Many cloud services, from those offered by Microsoft and Google to much smaller, niche services, are hosted outside of the EU – notably in the US – where the GDPR is not enshrined in law. Until yesterday, the so called “EU-US Privacy Shield” was a mechanism by which businesses within the EU and US could exchange data with each other under the auspices of being compliant with the GDPR.
No longer. Yesterday (16th June), the Court of Justice of the European Union ruled that any cloud services hosted in the US are incapable of complying with the GDPR and EU privacy rules. The Privacy Shield framework, therefore, lies in tatters and companies will likely need to sign up to non-negotiable contracts drawn up by Europe, already in use in other countries besides the US, to avoid heavy fines. Many larger providers already use these “Standard Contractual Clauses”. Microsoft are an example, and they’ve released a statement to this effect noting that use of their services fully complies with EU law irrespective of yesterday’s ruling.

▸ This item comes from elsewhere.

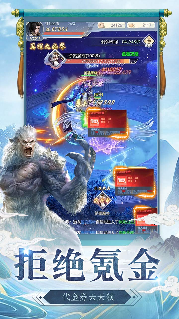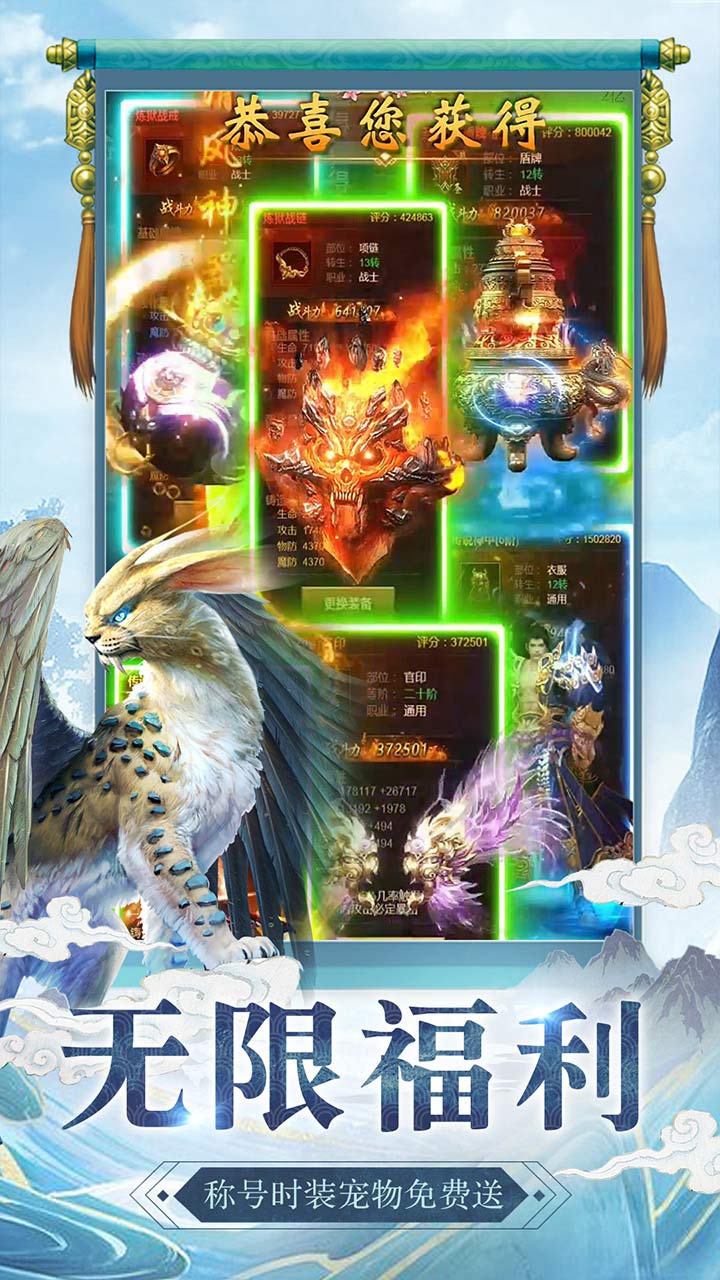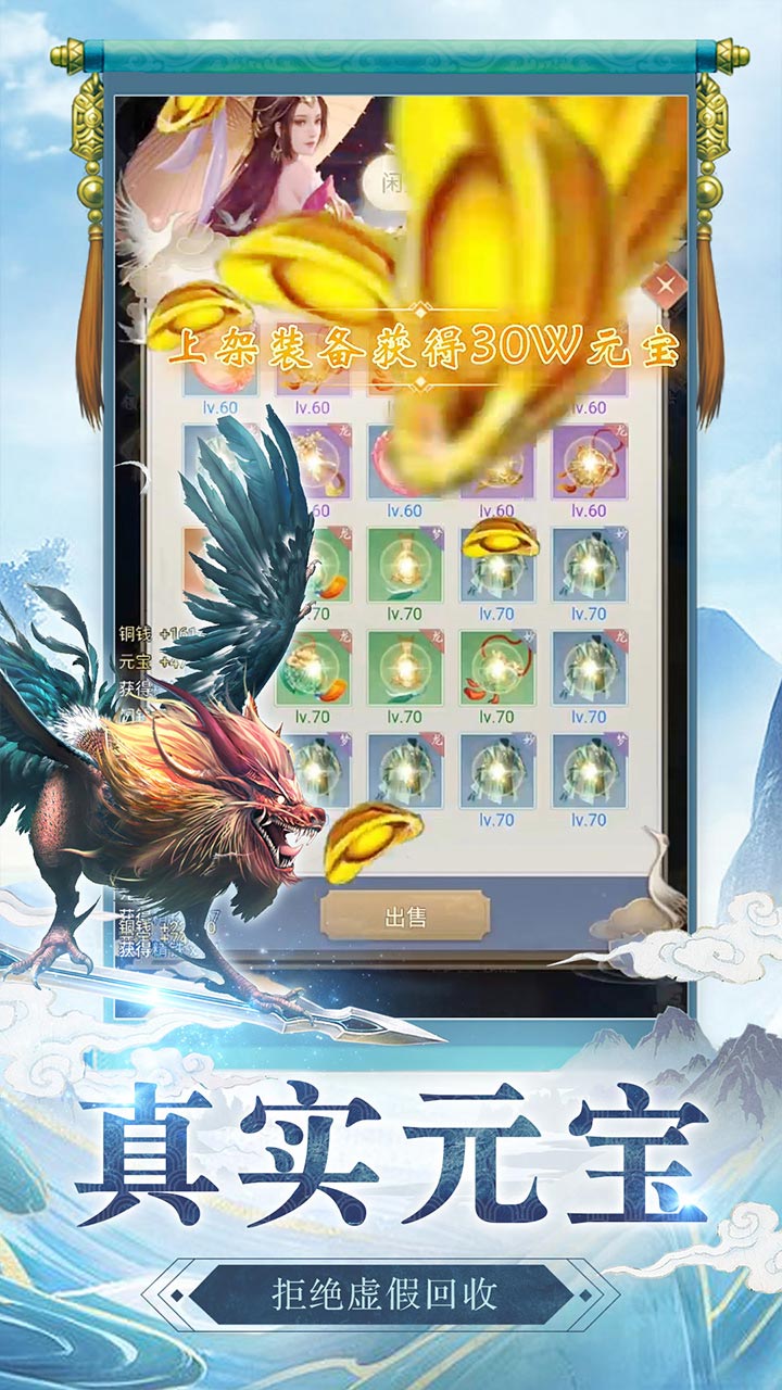 3、帅气坐骑,好看的翅膀,多元化升级角色,逆天进阶的强者,问鼎修仙之路。
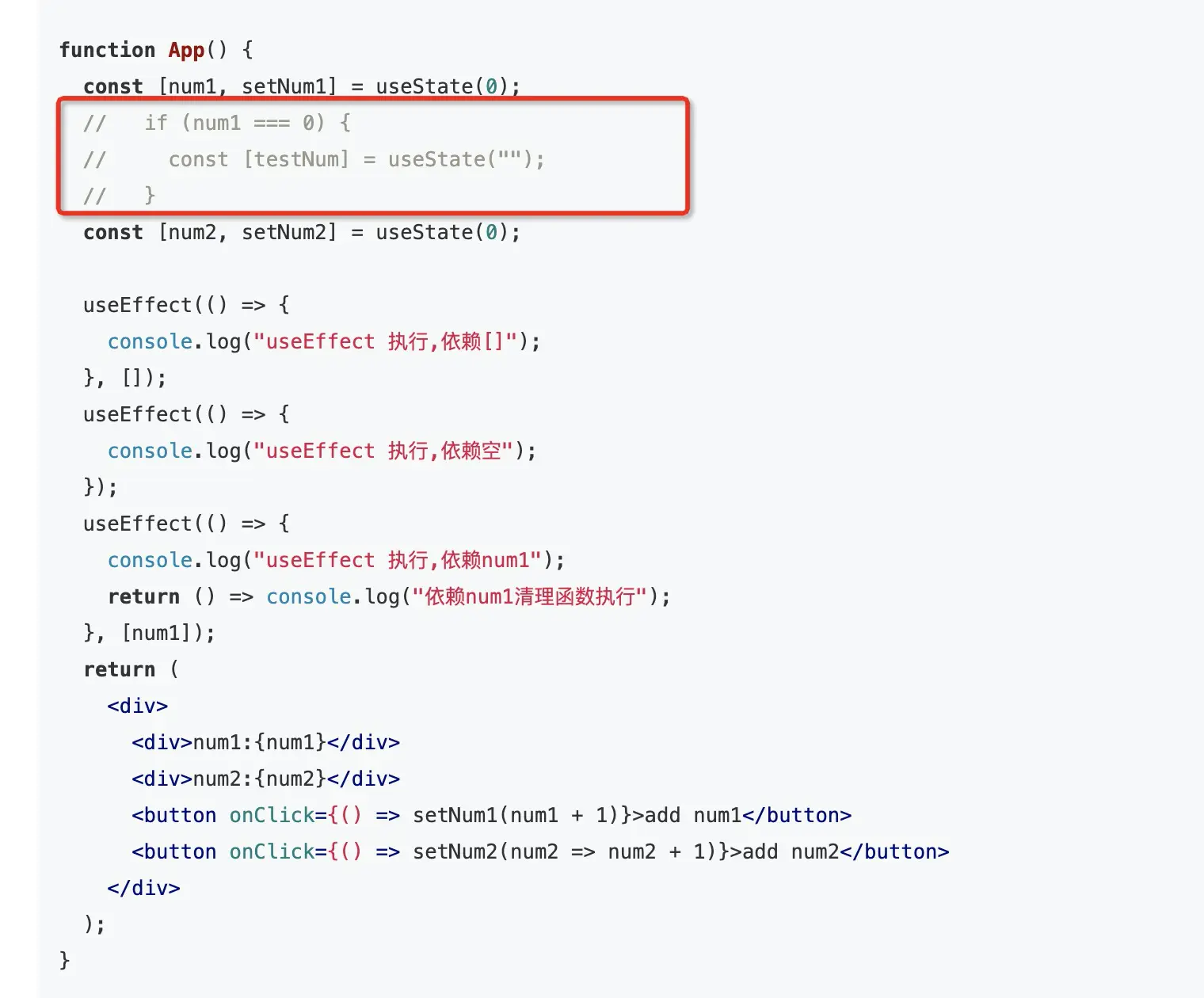 console.log("useEffect 执行,依赖num1");

O’Brien Media are very “data conscious” and ensure that the services we use are fully compliant. Our preferred platform for website data analytics, for example, is Matomo. We host this ourselves as an offering to our customers, and it’s physically hosted in London.
If you’re an O’Brien Media customer, we’d be happy to check your website for software and plugins that may be a problem and offer advice – just give us a call.
It is perhaps worthy of note that “Brexit” will make no difference to the UK’s adoption of the GDPR – it’s still in effect until the end of the transition period (December 2020), and will be retained in UK law at the end of this period.